# how well would a royal pleco with malawi peacocks and haps



## Guest (Apr 23, 2011)

i have a royal pleco thats in with my ca/sa cichlids that im getting rid of.. i put a royal in with my malawi before and it died dont know if it was because of the high ph or they jus killed him.. does anyone here keep royals with malawi? or even maybe put him in with my tangs that would be at an even higher ph... any suggestions? i currently have 2 bn in with the malawi and the completely ignore them


----------



## Fogelhund (Dec 3, 2002)

Most often they end up dead in with africans.. bristlenose are the better option as you've found out.


----------



## Guest (Apr 23, 2011)

would you attribute that to aggression or the high ph? i read somewhere that royals do ok with africans and other aggressive cichlids because they get so big mine isnt real big yet but id rather not get rid of him or put him in my already pretty crowded tropical community tank... he's in with my flowerhorn and other sa/ca mixs now and he's fine and i think they are more aggressive than africans


----------



## DJRansome (Oct 29, 2005)

Even giant common plecos are killed by mbuna...once their eyes are eaten they usually don't do well.


----------



## Guest (Apr 23, 2011)

i have peacocks and haps in there dj no mbuna  watcha think


----------



## DJRansome (Oct 29, 2005)

I think the threat to plecos is eye eating...thus even the largest fish can be killed. My peacocks were VERY interested in the eyes of my BN. I would not do it.


----------



## Guest (Apr 23, 2011)

so you took him out? what about in with my tangs? i have jumbo cyps, xenos, paracyps and foai in there.. all but the jumbo cyps are still juvies or subadults... u think itd do ok in the high ph as long as no1 tried to eat its eyes? i have an albino and reg bn in my malawi tank so far they are uninterested and i have alot of places for them to hide :::shrugs:::


----------



## DJRansome (Oct 29, 2005)

BN has about a 60% chance of survival with Malawi IME so far. Once they make it the first couple of weeks/months they are good. Royal pleco, less than 60% chance.

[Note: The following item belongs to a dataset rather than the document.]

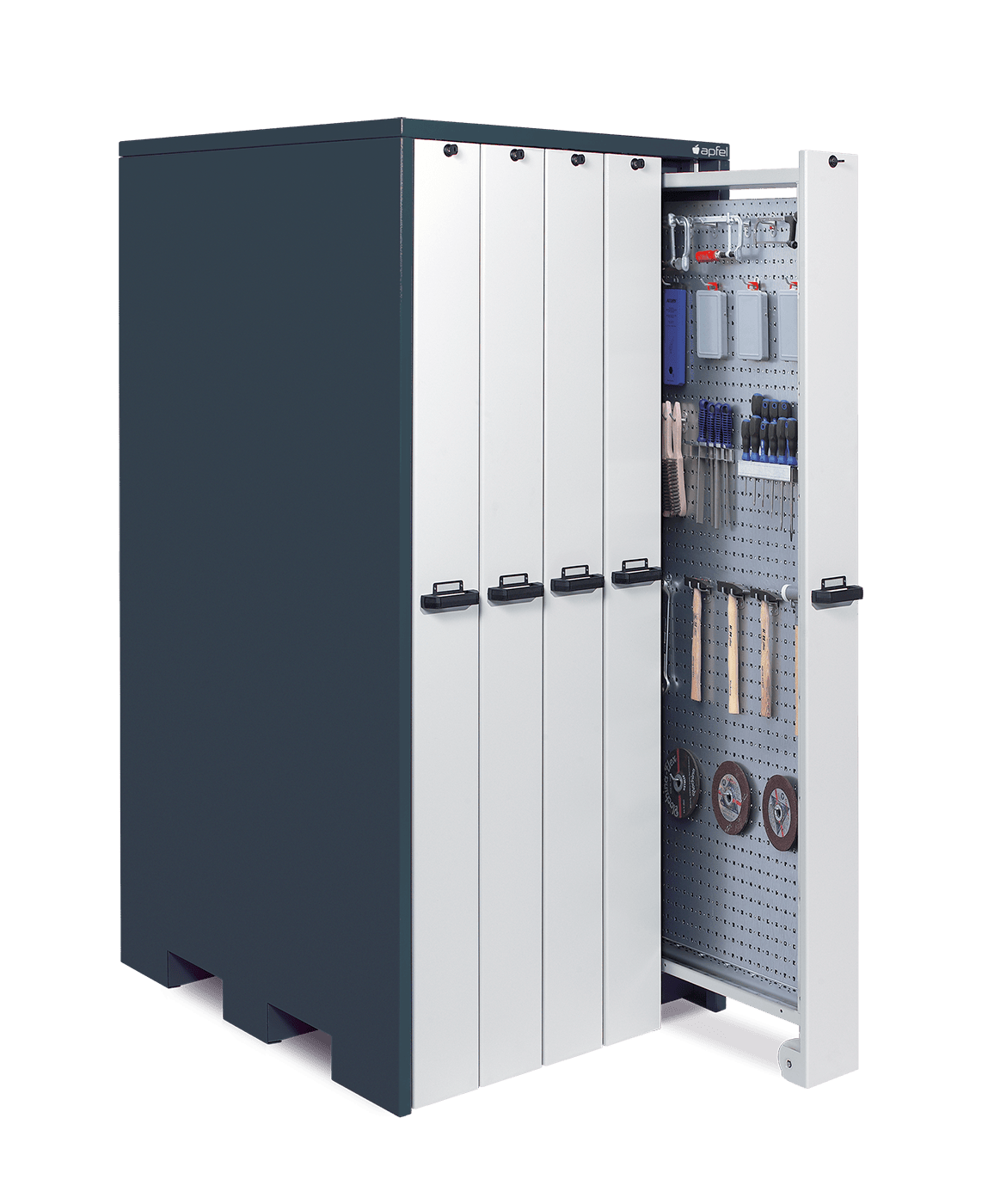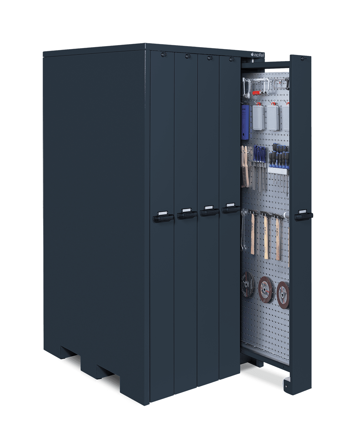 • Platzsparende Lagerung auf ca. 20 m² Lochwandfläche: Mit Maßen von 2.140 mm Höhe, 1.040 mm Breite und 1.300 mm Tiefe lagert der Schrank eine große Menge Werkzeuge und Betriebsmittel übersichtlich und griffbereit auf minimaler Grundfläche.
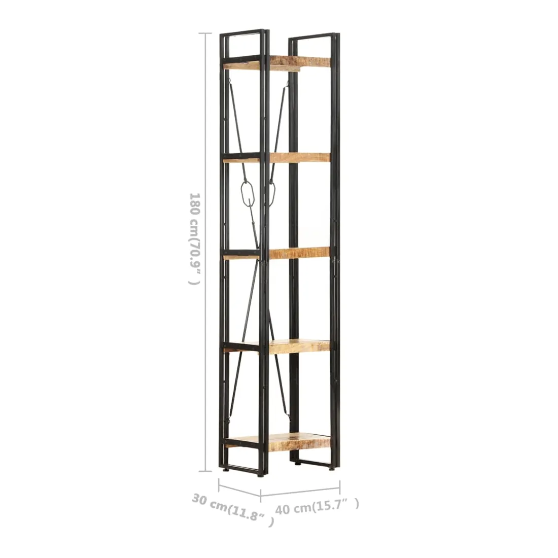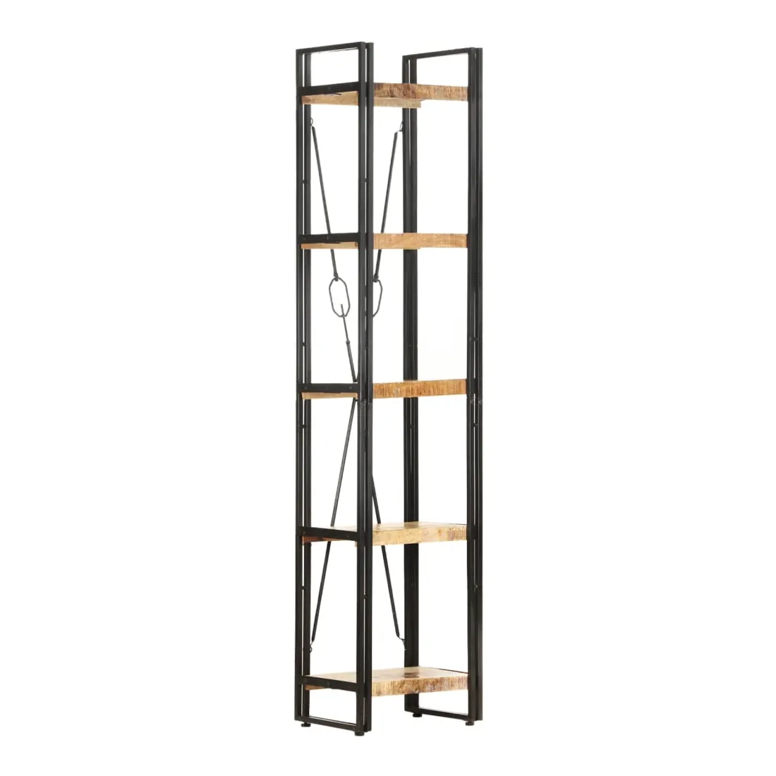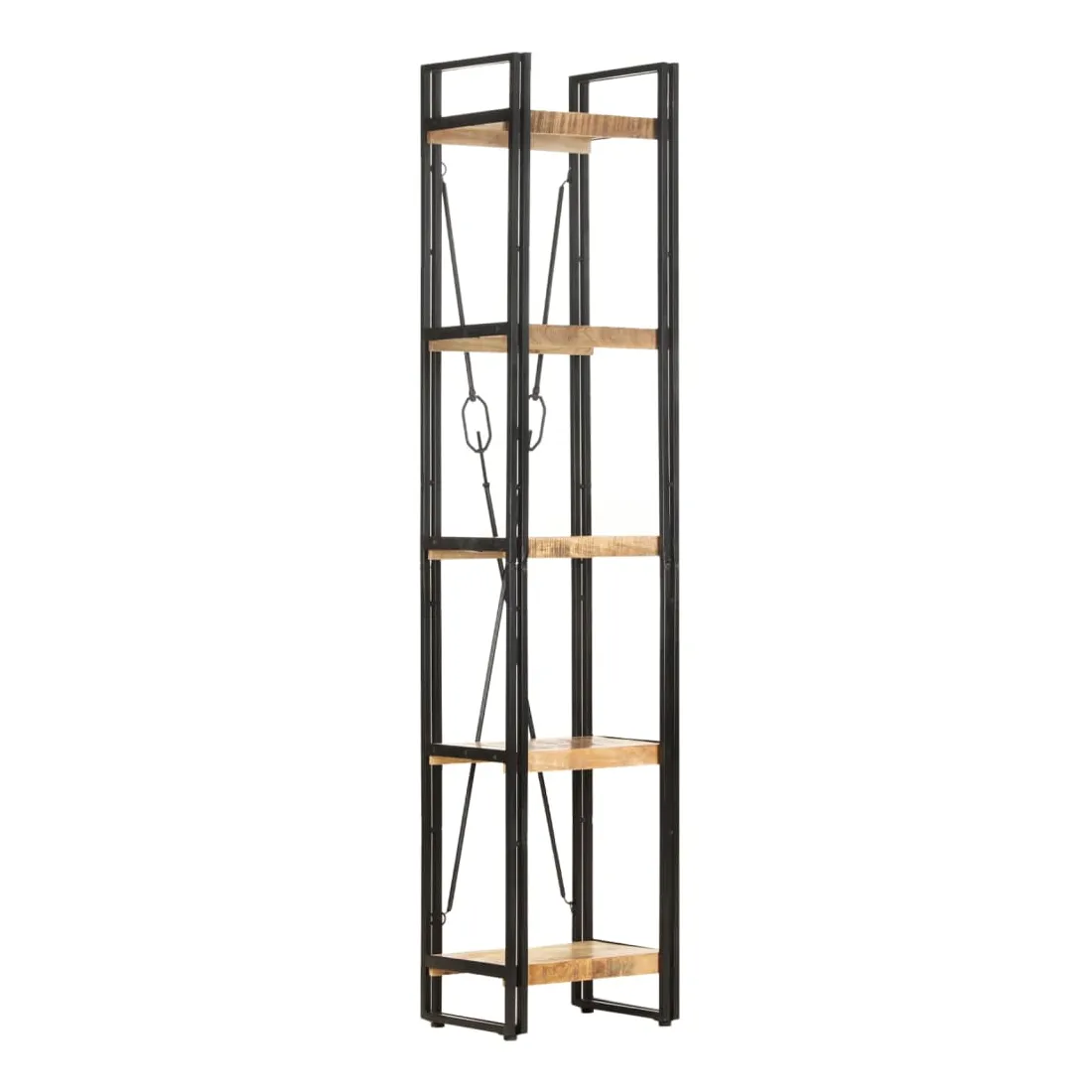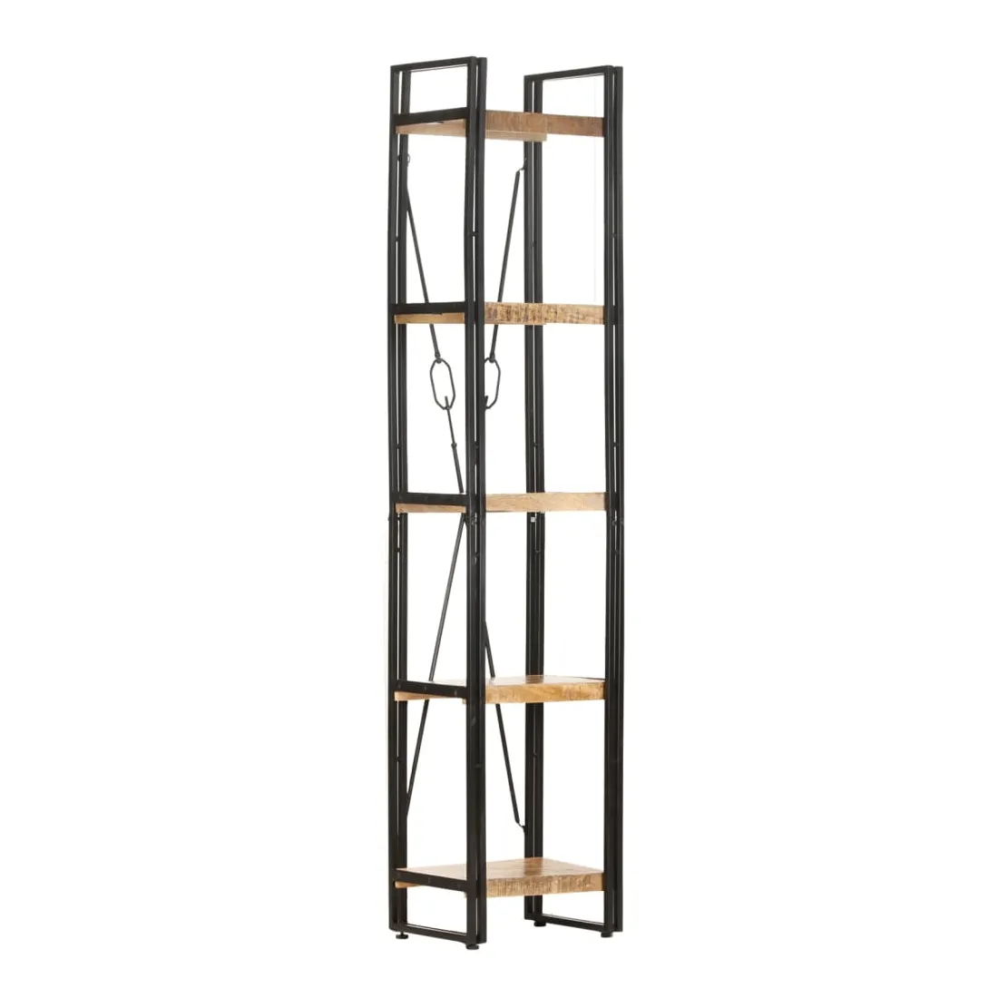 Ajoutez une touche de style industriel à votre maison ou bureau avec cette bibliothèque à 5 niveaux en bois. Cette bibliothèque constitue une solution idéale pour stocker et afficher votre collection de livres, magazines, documents ou objets décoratifs tels que des cadres photo et des objets de collection. La bibliothèque a un cadre robuste en acier enduit de poudre qui lui donne un aspect industriel. Les étagères sont fabriquées en bois de manguier brut et solide, qui est stable, durable et beau, et l'artisanat ajoute à son style rétro spectaculaire. Chaque étape du processus est réalisée avec le plus grand soin, que ce soit le polissage, la peinture ou le laquage. L'artisanat et les beaux grains de bois font de chaque meuble un objet unique et légèrement différent l'un de l'autre. Remarque importante : Les couleurs varient d'un meuble à l'autre, rendant chaque bibliothèque unique. La livraison est aléatoire, ce qui garantit l'exclusivité et l'individualité de votre produit.

Often the plecos are not smart/quick enough to take advantage of the hiding places.


----------



## noki (Jun 13, 2003)

Plecos are a bit hit and miss. If established they may last, but remember that a cichlid tank is pretty stressful. Probably not wise to mess with rarer more expensive Plecos, but it's your decision.


----------



## Guest (Apr 23, 2011)

well i already have it... and if it doesnt go in with any of my cichlids its going in a 55 with a bunch of fish and i already have a clown pleco, small albino sailfin bn, and a decent size blue phantom pleco in there... so if i can get away with putting it in a diff tank then i want to.. what do you guys think about putting it in with the tangs... they seem a lil less mean than the malawi


----------



## Chunkanese (Feb 4, 2011)

I've never seen a pleco injured seriously from cichlids. I had a 10 inch common in with my cichlids. I personally haven't had aggression like that so It wouldn't bother me. my red zebra would bite my arm leaving welts but he never bit the pleco, even when he was spawning and the pleco would lay in his territory. Up to you. I gave mine away because he was so clumsy. Seems like the others have had less luck..


----------



## Fogelhund (Dec 3, 2002)

m1ke715m said:


> well i already have it... and if it doesnt go in with any of my cichlids its going in a 55 with a bunch of fish and i already have a clown pleco, small albino sailfin bn, and a decent size blue phantom pleco in there... so if i can get away with putting it in a diff tank then i want to.. what do you guys think about putting it in with the tangs... they seem a lil less mean than the malawi


What is the ph of the Tang tank?


----------



## Guest (Apr 24, 2011)

i use seachem tang buffer looks like around 8.4 i actually use more of it than recommended to get it that high if i go with 1tsp/10gallons it only goes to like 8... plus this ati master kit high ph solution really sucks it ends up showing up a diff color than they offer you in my malawi tank i use seachem malawi buffer and i use 1.5tsp/10gallons and same with tang buffer


----------



## Fogelhund (Dec 3, 2002)

Don't put the Royal in with the Tangs... pretty much a death sentence at that ph... I might consider selling it, as it doesn't seem like you really have room for it.


----------



## Guest (Apr 24, 2011)

Ill put him in my community tank before i sell him..


----------